» **WHAT IS REQUIRED**
Could you transcribe all the entries exactly, omitting the pictures?

------------------------------------

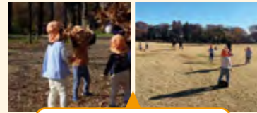
広場で保育者と一緒に遊ぶ活動

落ち葉拾いやボール遊びに出かけた。保育者が先導し、おぼけごっこ・サッカーなど、あちこち走り回りながら遊ぶ子供たちの姿が多くみられた。保育者を介したゲーム性のある遊びが多かった。
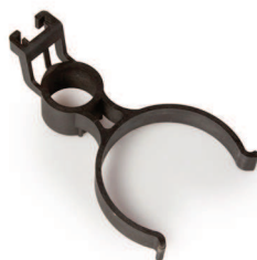
Suporte para caixas Cudell incluído
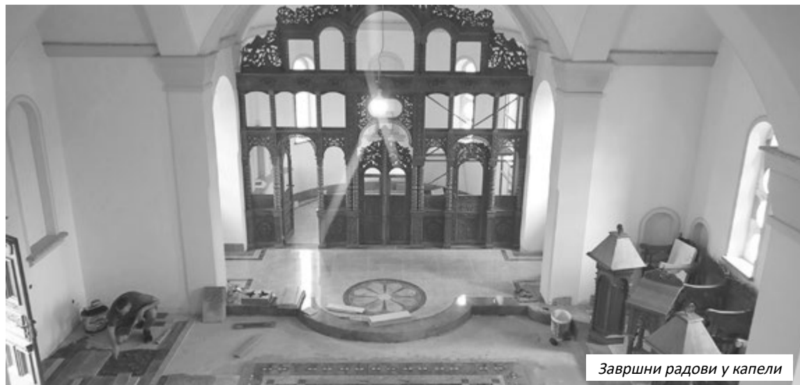
Завршни радови у капели

“Манастир је озидан, покривен, постављени су прозори. Унутра је све набачено, урађено је подно гријање и клазура. Сада смо стопирали радове у манастиру. Базирали смо се на манастирски конак, чија је изградња трајала упорно са манастиром. Манастирски конак је такође озидан и покривен, сада се изводе радови у унутрашњости конака и капеле који су при крају, а затим слиједи опремање конака и капеле, да може неко да се усели и отпочне монашки живот у овом манастиру”, истакао
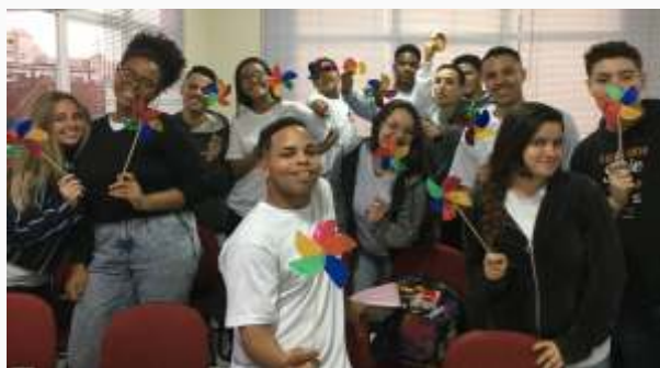
Jovens da Unidade de Santos confeccionaram cata-ventos, símbolo da luta contra o Trabalho Infantil.
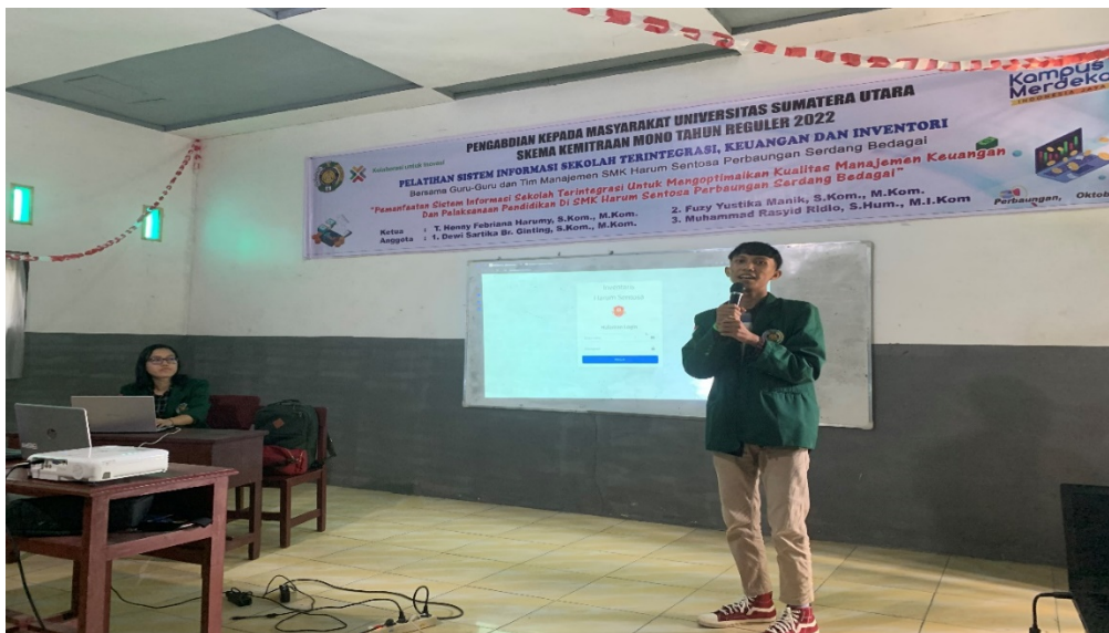
Gambar 4. Pelaksanaan Pengabdian

Dalam pelaksanaan kegiatan pengabdian ini dilakukan pre-test dan post-test dengan tujuan untuk mengevaluasi pemahaman peserta sebelum dan sesudah mendapatkan pelatihan dan dari tim pengabdian. Berikut hasil evaluasi pre-test dan post-test yang dilakukan sebagai berikut : Pretest dan Posttest dilakukan dengan memberikan kuisioner berisi sekitar 13 pertanyaan terhadap 22 Orang peserta dengan bobot 1= Kurang , 2 = Cukup, 3= Baik dan 4= Baik Sekali. Dimana untuk hasil pretest Rata Rata di bobot 1 dan 2 sedangkan hasil Pretest menunjukkan hasil yang meningkat yaitu di angka 3 dan 4 dimana memiliki arti 3= Baik dan 4= Baik Sekali
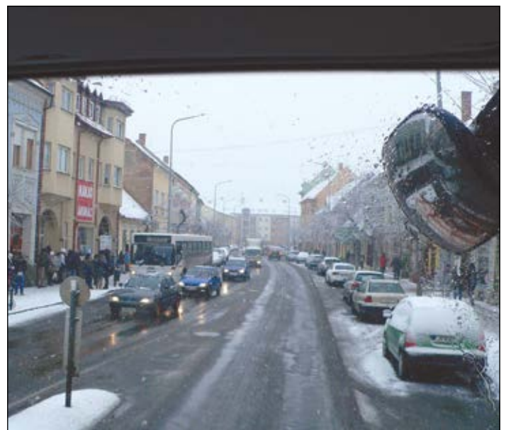
Az utak nagy részén csak nedvesítő anyag szórását kellett végezni

két órás ügyeleti műszakban látták el a munkájukat. Egyes útszakaszokon már megmaradt a hó, itt a tolólap is dolgozni kezdett, a többi részen a lefagyás megelőzésére nedvesítő anyag szórását és érdesítést végeztek. Sárvár útjainak és járdáinak hó- és csúszásmentesítéséről a tulajdonosoknak kell gondoskodniuk. Sárváron az önkormányzattal szerződéses viszonyban lévő munkagépekkel kezdték meg az utak tisztítását. A magánházak előtti út- és járdaszakaszok csúszásmentesítése pedig a birtokosok feladata.
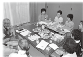
お茶菓子をつまみながら楽しくお話ししましょう♪
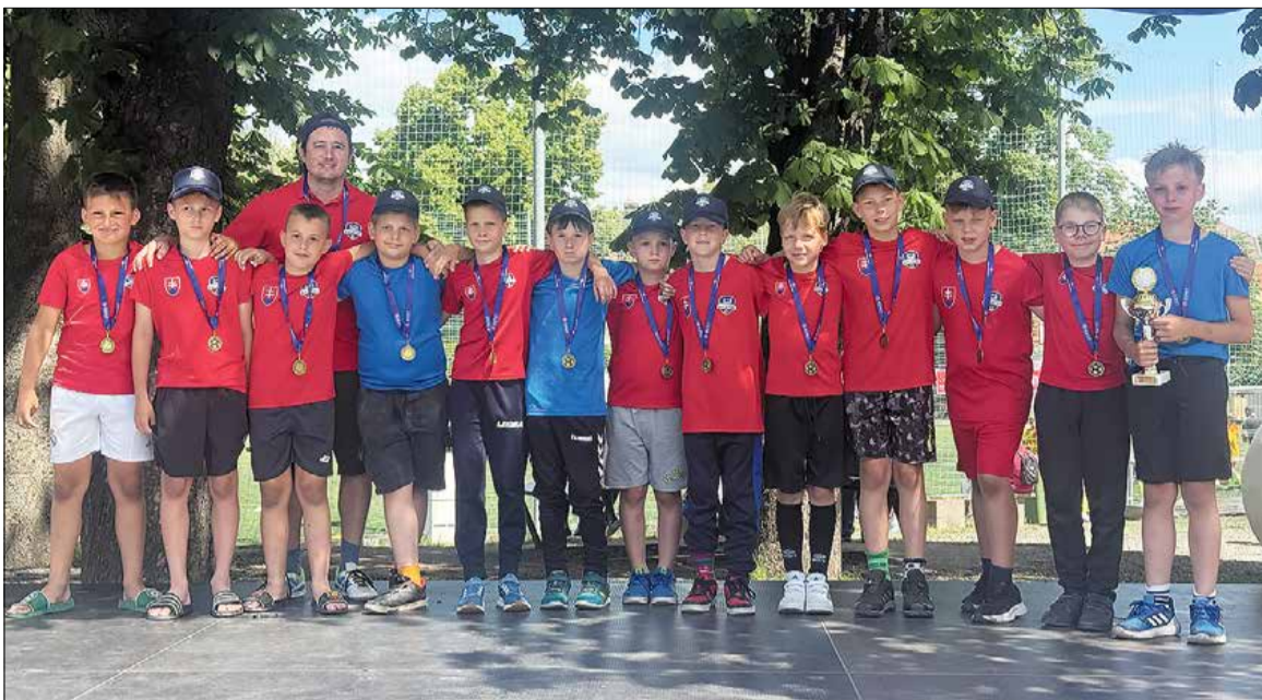
Chlapci z kategórie U10
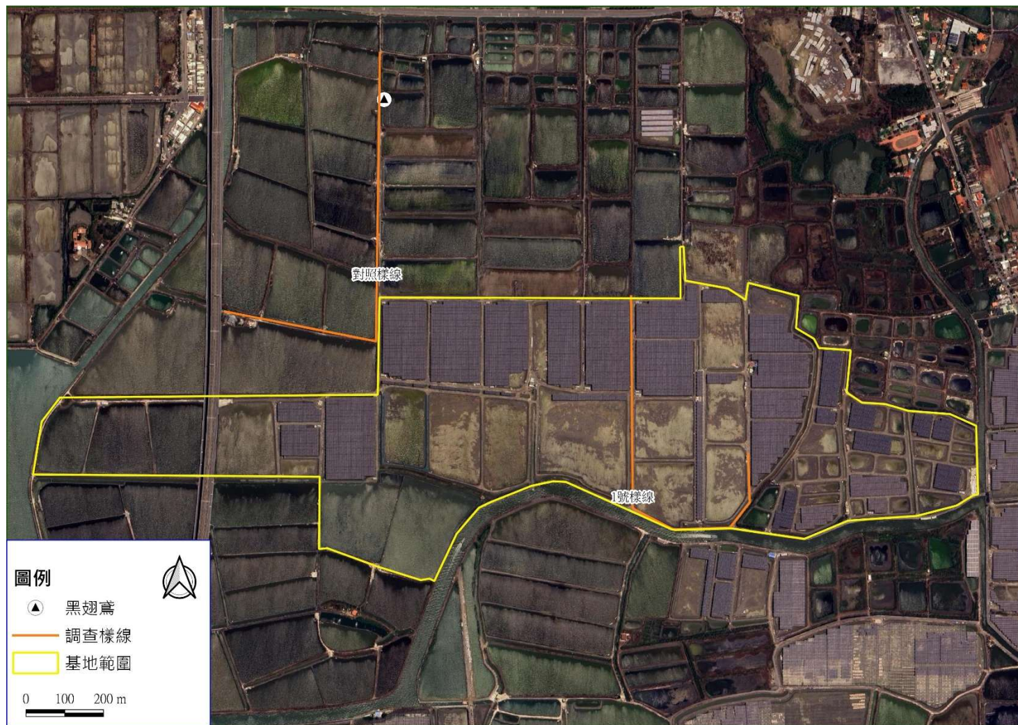
圖二、保育類動物發現位置圖-115年2月
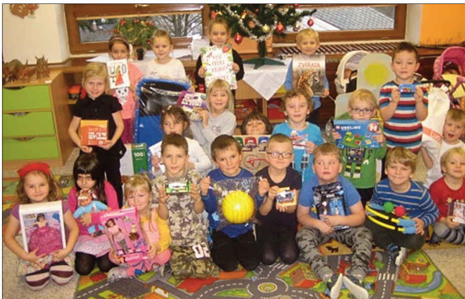
Ježíšek na děti ve školce nezapomněl

Po vánočních prázdninách jsme se opět sešli 6. ledna a hned 8. ledna nás čekalo zhlédnutí filmu Korálový útes ve speciálním sférickém kině, které zavítalo přímo k nám do školky. Promítalo se v obrovském nafukovacím stanu, kde děti ležely na karimatkách a „moře“ bylo všude kolem nich. I přes počáteční nedůvěru zvláště malých dětí se pohádka všem moc líbila.
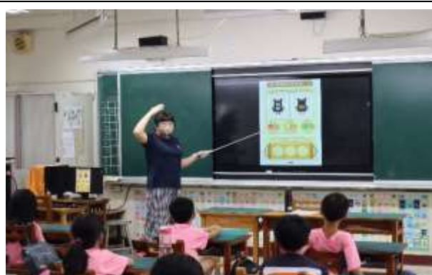
說明：課堂—身體紅綠燈
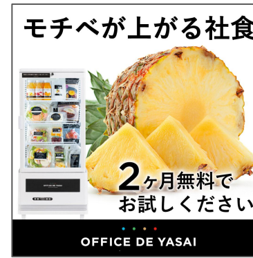
OFFICE DE YASAI
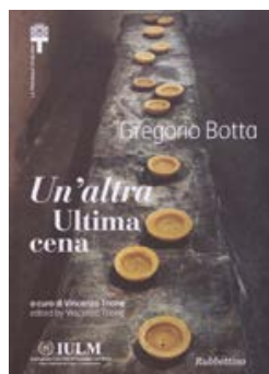
Gregorio Botta Un'altra Ultima cena Rubettino
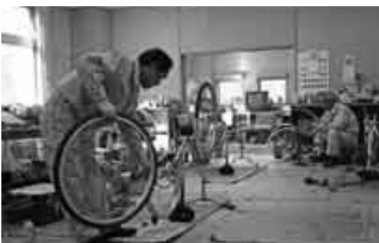
リサイクルプラザでの自転車の再生

自治会や子ども会などの団体でリサイクル活動に取り組む団体を募集しています。原則として毎月1回活動を行い、集めた資源物の重量に応じて団体に奨励金(1kgにつき10円)が交付されます。平成18年度末時点で登録団体は156団体です。
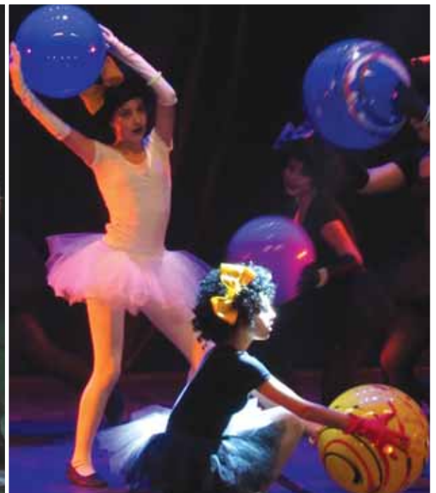
Grupos de dança que realizaram apresentações na primeira noite do evento, quinta-feira, dia 25
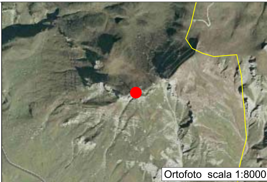
Ortofoto scala 1:8000
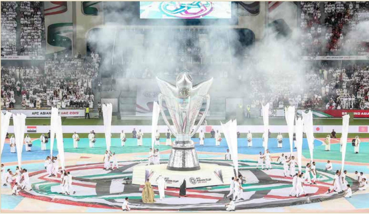
ملعب مدينة زايد الرياضية الذي احتضن حفل الافتتاح

ملاعب عالمية تؤهل الدولة لاستضافة أكبر الأحداث الكروية
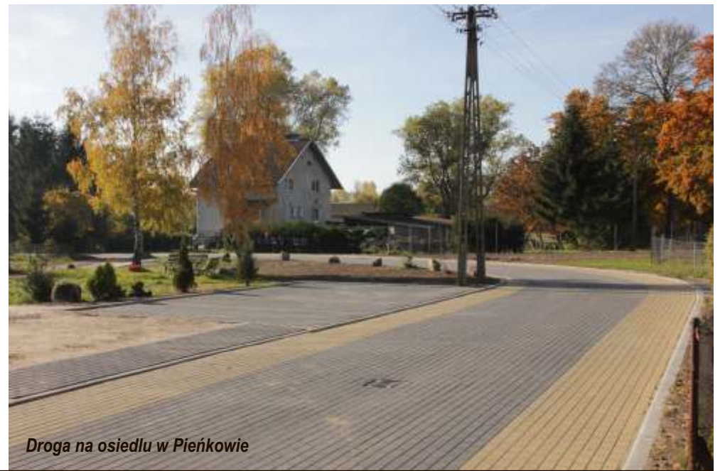
Droga na osiedlu w Pieńkowie
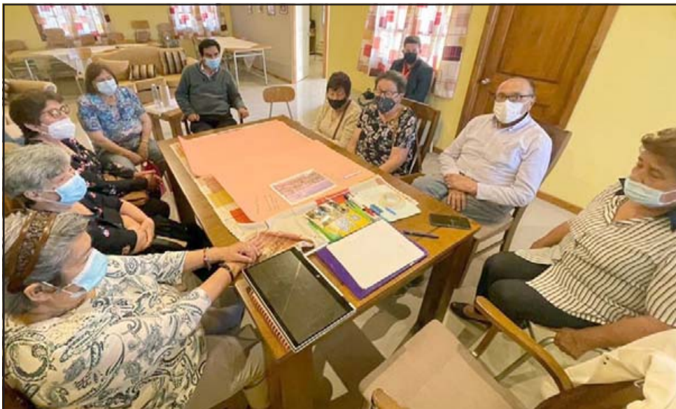
TODOS APORTANDO.- Ellos realizaron este Taller de Socialización del fondo fotográfico Rolando Videla Olguín en la sede de la Unión Comunal de Adultos Mayores de Putaendo.
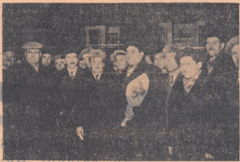
Delegația bulgară fotografată în Gara de Nord la coborrea din tren.

Sună telefonul... Răspunde un coleg. „Cum? Oaspeți din Bulgaria? Peste 25 de minute în Gara de Nord?” Trebuie să plec. Astăzi sînt, ca să zic așa, reporter de servici. De ar veni mai repede troleibuzul... De nu ar sta pe la stourii... M-am temut degeaba. Troleibuzul a venit imediat. Cînd am intrat pe peron crăncinul gării anunță: „Peste 2 minute intră în gară, pe linia întâia, acceleratul de Sofia”. Am ajuns la timp. Sînt un reporter norocos.
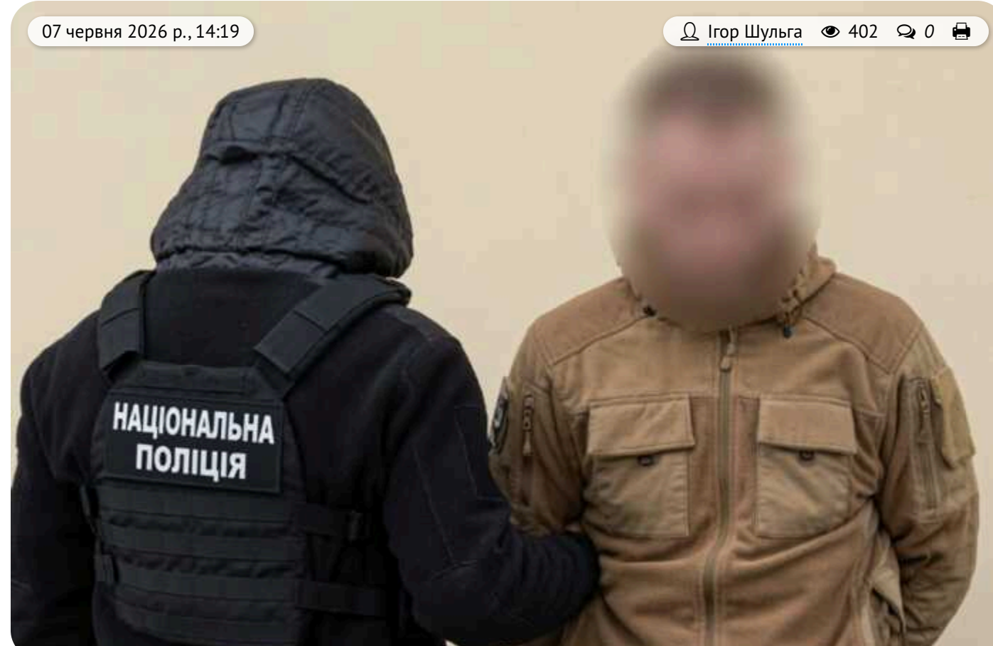
Замовив вбивство колишньої тещі: на Кіровоградщині суд виніс вирок чоловікові

Суд визнав винним військовослужбовця у замаху на умисне вбивство колишньої тещі, яку той звинувачував у своєму розлученні. Зловмисник організував пошук виконавця, передав йому інформацію про жертву та виплатив 11 тисяч гривень авансу. Спроба злочину була викрита правоохоронцями, які під час спецоперації інсценували вбивство.
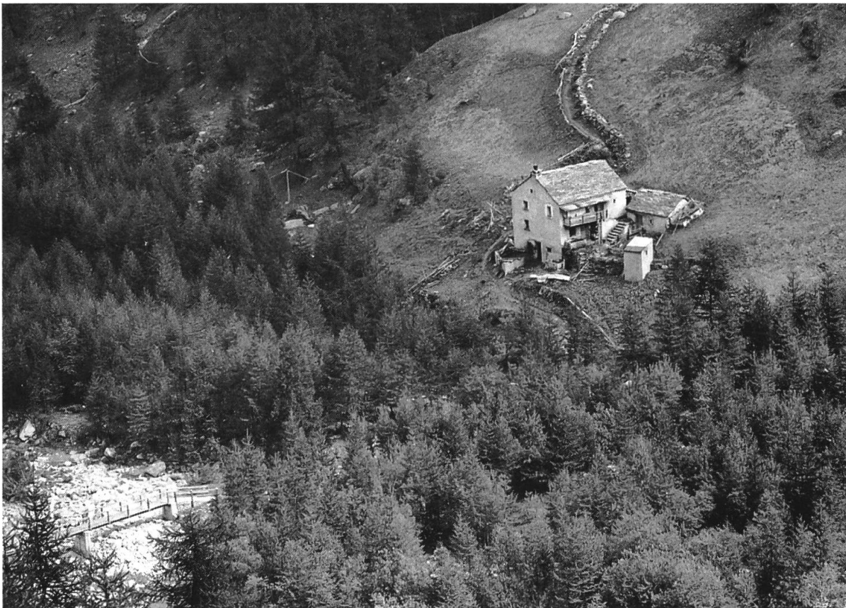
Abb. 7: Intakte Naturlandschaft und «Gsteibus» beim Gabi. Hier an der Doveria befand sich bis zu den politischen Veränderungen in der Franzosenzeit das ehemalige Gerichts- und Gemeindehaus der Kastlanei Alpien-Zwischenbergen. Beim Haus verzweigten sich die Saumwege durch die Gondoschlucht und über den Feerberg zum Furggupass nach dem Zwischenbergthal.

ist aber eine stärkere Identifikation mit den kulturgeschichtlichen Werten in der Region spürbar. Im Rahmen der Sanierungsarbeiten konnten einheimische Betriebe durch die Ausführung von Aufträgen auch schon direkt vom Projekt profitieren, und die Forstequipen konnten dank dem «Ecomuseum» mangels anderer Arbeiten wirtschaftlich schwierigere Zeiten überbrücken und aus diesem Projekt zusätzliche praktische Erfahrungen gewinnen.

------------------------------------

» **COMPLETED TASK**
広場で保育者と一緒に遊ぶ活動

落ち葉拾いやボール遊びに出かけた。保育者が先導し、おぼけごっこ・サッカーなど、あちこち走り回りながら遊ぶ子供たちの姿が多くみられた。保育者を介したゲーム性のある遊びが多かった。
Suporte para caixas Cudell incluído
Завршни радови у капели

“Манастир је озидан, покривен, постављени су прозори. Унутра је све набачено, урађено је подно гријање и клазура. Сада смо стопирали радове у манастиру. Базирали смо се на манастирски конак, чија је изградња трајала упорно са манастиром. Манастирски конак је такође озидан и покривен, сада се изводе радови у унутрашњости конака и капеле који су при крају, а затим слиједи опремање конака и капеле, да може неко да се усели и отпочне монашки живот у овом манастиру”, истакао
Jovens da Unidade de Santos confeccionaram cata-ventos, símbolo da luta contra o Trabalho Infantil.
Gambar 4. Pelaksanaan Pengabdian

Dalam pelaksanaan kegiatan pengabdian ini dilakukan pre-test dan post-test dengan tujuan untuk mengevaluasi pemahaman peserta sebelum dan sesudah mendapatkan pelatihan dan dari tim pengabdian. Berikut hasil evaluasi pre-test dan post-test yang dilakukan sebagai berikut : Pretest dan Posttest dilakukan dengan memberikan kuisioner berisi sekitar 13 pertanyaan terhadap 22 Orang peserta dengan bobot 1= Kurang , 2 = Cukup, 3= Baik dan 4= Baik Sekali. Dimana untuk hasil pretest Rata Rata di bobot 1 dan 2 sedangkan hasil Pretest menunjukkan hasil yang meningkat yaitu di angka 3 dan 4 dimana memiliki arti 3= Baik dan 4= Baik Sekali
Az utak nagy részén csak nedvesítő anyag szórását kellett végezni

két órás ügyeleti műszakban látták el a munkájukat. Egyes útszakaszokon már megmaradt a hó, itt a tolólap is dolgozni kezdett, a többi részen a lefagyás megelőzésére nedvesítő anyag szórását és érdesítést végeztek. Sárvár útjainak és járdáinak hó- és csúszásmentesítéséről a tulajdonosoknak kell gondoskodniuk. Sárváron az önkormányzattal szerződéses viszonyban lévő munkagépekkel kezdték meg az utak tisztítását. A magánházak előtti út- és járdaszakaszok csúszásmentesítése pedig a birtokosok feladata.
お茶菓子をつまみながら楽しくお話ししましょう♪
Chlapci z kategórie U10
圖二、保育類動物發現位置圖-115年2月
Ježíšek na děti ve školce nezapomněl

Po vánočních prázdninách jsme se opět sešli 6. ledna a hned 8. ledna nás čekalo zhlédnutí filmu Korálový útes ve speciálním sférickém kině, které zavítalo přímo k nám do školky. Promítalo se v obrovském nafukovacím stanu, kde děti ležely na karimatkách a „moře“ bylo všude kolem nich. I přes počáteční nedůvěru zvláště malých dětí se pohádka všem moc líbila.
說明：課堂—身體紅綠燈
OFFICE DE YASAI
Gregorio Botta Un'altra Ultima cena Rubettino
リサイクルプラザでの自転車の再生

自治会や子ども会などの団体でリサイクル活動に取り組む団体を募集しています。原則として毎月1回活動を行い、集めた資源物の重量に応じて団体に奨励金(1kgにつき10円)が交付されます。平成18年度末時点で登録団体は156団体です。
Grupos de dança que realizaram apresentações na primeira noite do evento, quinta-feira, dia 25
Ortofoto scala 1:8000
ملعب مدينة زايد الرياضية الذي احتضن حفل الافتتاح

ملاعب عالمية تؤهل الدولة لاستضافة أكبر الأحداث الكروية
Droga na osiedlu w Pieńkowie
TODOS APORTANDO.- Ellos realizaron este Taller de Socialización del fondo fotográfico Rolando Videla Olguín en la sede de la Unión Comunal de Adultos Mayores de Putaendo.
Delegația bulgară fotografată în Gara de Nord la coborrea din tren.

Sună telefonul... Răspunde un coleg. „Cum? Oaspeți din Bulgaria? Peste 25 de minute în Gara de Nord?” Trebuie să plec. Astăzi sînt, ca să zic așa, reporter de servici. De ar veni mai repede troleibuzul... De nu ar sta pe la stourii... M-am temut degeaba. Troleibuzul a venit imediat. Cînd am intrat pe peron crăncinul gării anunță: „Peste 2 minute intră în gară, pe linia întâia, acceleratul de Sofia”. Am ajuns la timp. Sînt un reporter norocos.
Замовив вбивство колишньої тещі: на Кіровоградщині суд виніс вирок чоловікові

Суд визнав винним військовослужбовця у замаху на умисне вбивство колишньої тещі, яку той звинувачував у своєму розлученні. Зловмисник організував пошук виконавця, передав йому інформацію про жертву та виплатив 11 тисяч гривень авансу. Спроба злочину була викрита правоохоронцями, які під час спецоперації інсценували вбивство.
Abb. 7: Intakte Naturlandschaft und «Gsteibus» beim Gabi. Hier an der Doveria befand sich bis zu den politischen Veränderungen in der Franzosenzeit das ehemalige Gerichts- und Gemeindehaus der Kastlanei Alpien-Zwischenbergen. Beim Haus verzweigten sich die Saumwege durch die Gondoschlucht und über den Feerberg zum Furggupass nach dem Zwischenbergthal.

ist aber eine stärkere Identifikation mit den kulturgeschichtlichen Werten in der Region spürbar. Im Rahmen der Sanierungsarbeiten konnten einheimische Betriebe durch die Ausführung von Aufträgen auch schon direkt vom Projekt profitieren, und die Forstequipen konnten dank dem «Ecomuseum» mangels anderer Arbeiten wirtschaftlich schwierigere Zeiten überbrücken und aus diesem Projekt zusätzliche praktische Erfahrungen gewinnen.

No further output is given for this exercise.